Upon closer observation, we examine the returns following each other have some unique properties. The direction of a return is mostly independent of the previous day's return. In other words, you don't know if the next day's return will be positive or negative just by looking at the time series. The magnitude of the return is similar to the previous day's return. This means if markets are calm today, we expect the same tomorrow. And during a volatile market investors should expect a similarly turbulent tomorrow.
GARCH
A GARCH (Generalized AutoRegressive Conditional Heteroskedasticity) model is the most well known econometric tool to handle changing volatility in financial time series data.
GARCH models can be used in the analysis of a number of different types of financial data, such as macroeconomic data, financial institutions typically use them to estimate the volatility of returns for stocks, bonds, and market indices. They use the resulting information to help determine pricing and judge which assets will potentially provide higher returns, as well as to forecast the returns of current investments to help in their asset allocation, hedging, risk management, and portfolio optimization decisions.
Investopedia
DENSITY PLOTS
From the comparison of the 1-year and 20-year maturity above, we can see that the 1-year GARCH model shows a similar but more erratic behavior compared to the 20-year GARCH model. Not only does the 1-year model have greater volatility, but the volatility of its volatility is larger than the 20-year model. Below, we can analyze how the fitted GARCH model transformed the distribution. The blue distribution is before GARCH, the red is after GARCH and yellow is the the normal distribution.
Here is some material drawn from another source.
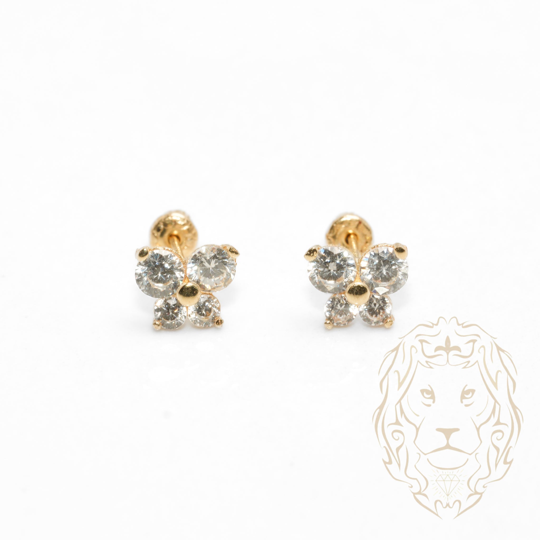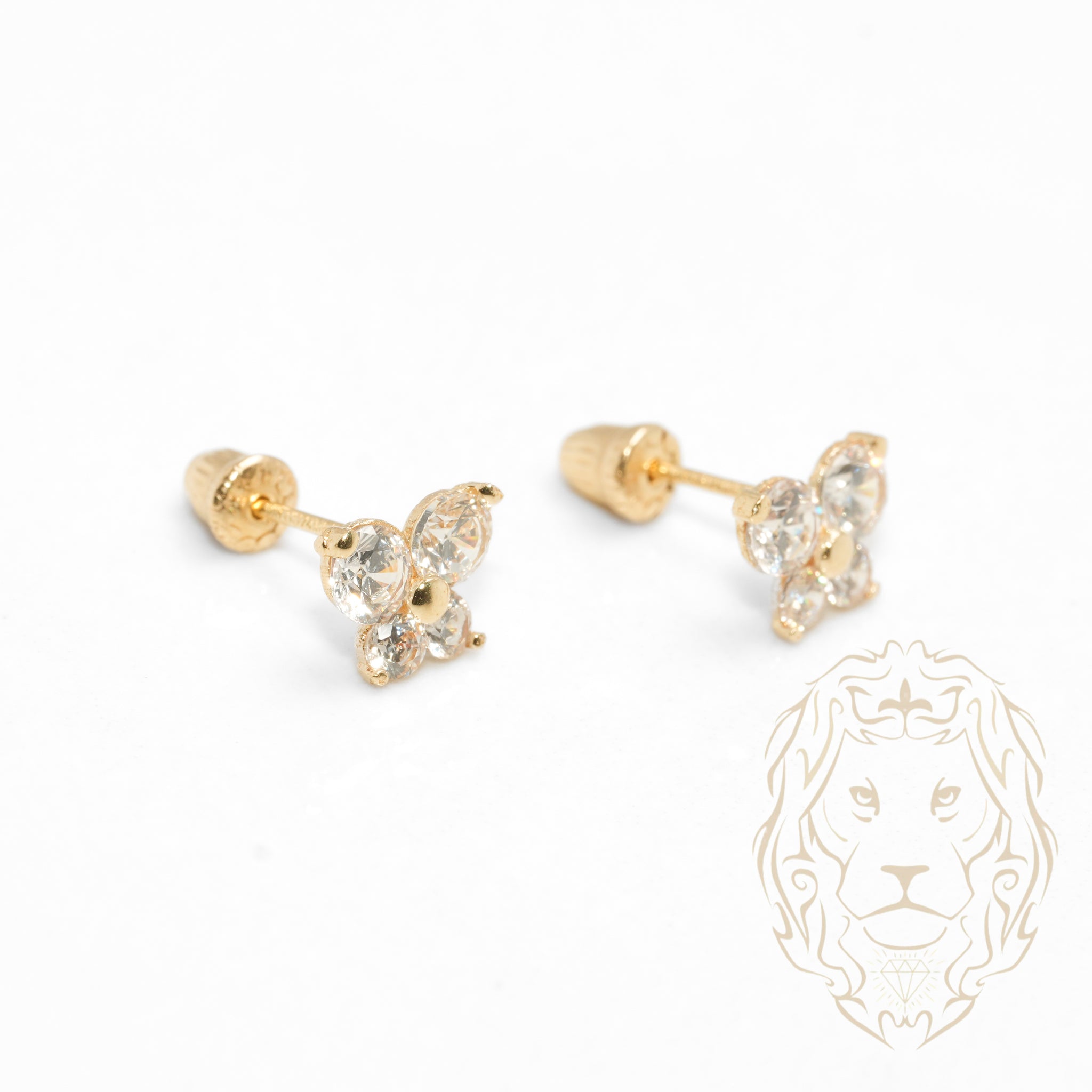 Studs to screw - 10K Gold yellow butterfly cz stones - BOG726
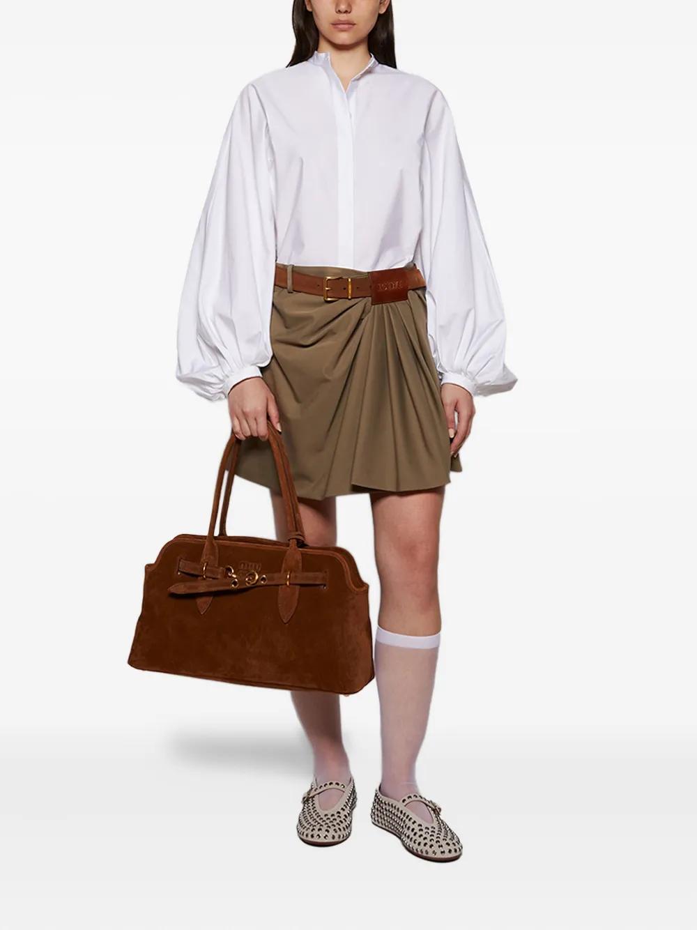 light brown cashmere fabric leather buckle fastening appliqué logo curved peak round crown

The density plots help magnify two statistical facts of financial markets not mentioned yet i.e the unconditional (before GARCH) distribution of the yield differences has heavier tails than the normal distribution and the distribution of the yield differences adjusted by the GARCH model has lighter tails than the unconditional distribution, but they are still heavier than the normal distribution.
Although we see that the two distributions from the GARCH models are different from the normal distribution of the data, the tails, where the differences are the most profound, are hard to see. Using a Q-Q plot will help us focus in on the tails.
QQ PLOT
The quantile-quantile (q-q) plot is a graphical technique for determining if two data sets come from populations with a common distribution. With the help of the QQ plot we can quickly assess whether the distribution are normal.
In both cases we observe how the GARCH process has transformed the distribution. The tails of our "After GARCH (red)" distribution are closer to the normal (gray line) than the "Before GARCH (black)' distribution. The GARCH process has brought the residuals closer to the normal distribution.
Conclusion
We fit a GARCH model to develop a better understanding of how bond volatility evolves over time and its effects on the probability distribution. By bringing the residuals closer to the normal, our distributions are now closely aligned to a normal distribution.
Conforming to a normal distribution allows us to make useful inferences. For example, we can be reasonably sure where its value will fall about 95% of the time. Without normally distributed variables, our inferences could be disastrously wrong. In the world of finance, the consequences of our inaccurate inferences can range from a few hundred to millions of dollars in losses.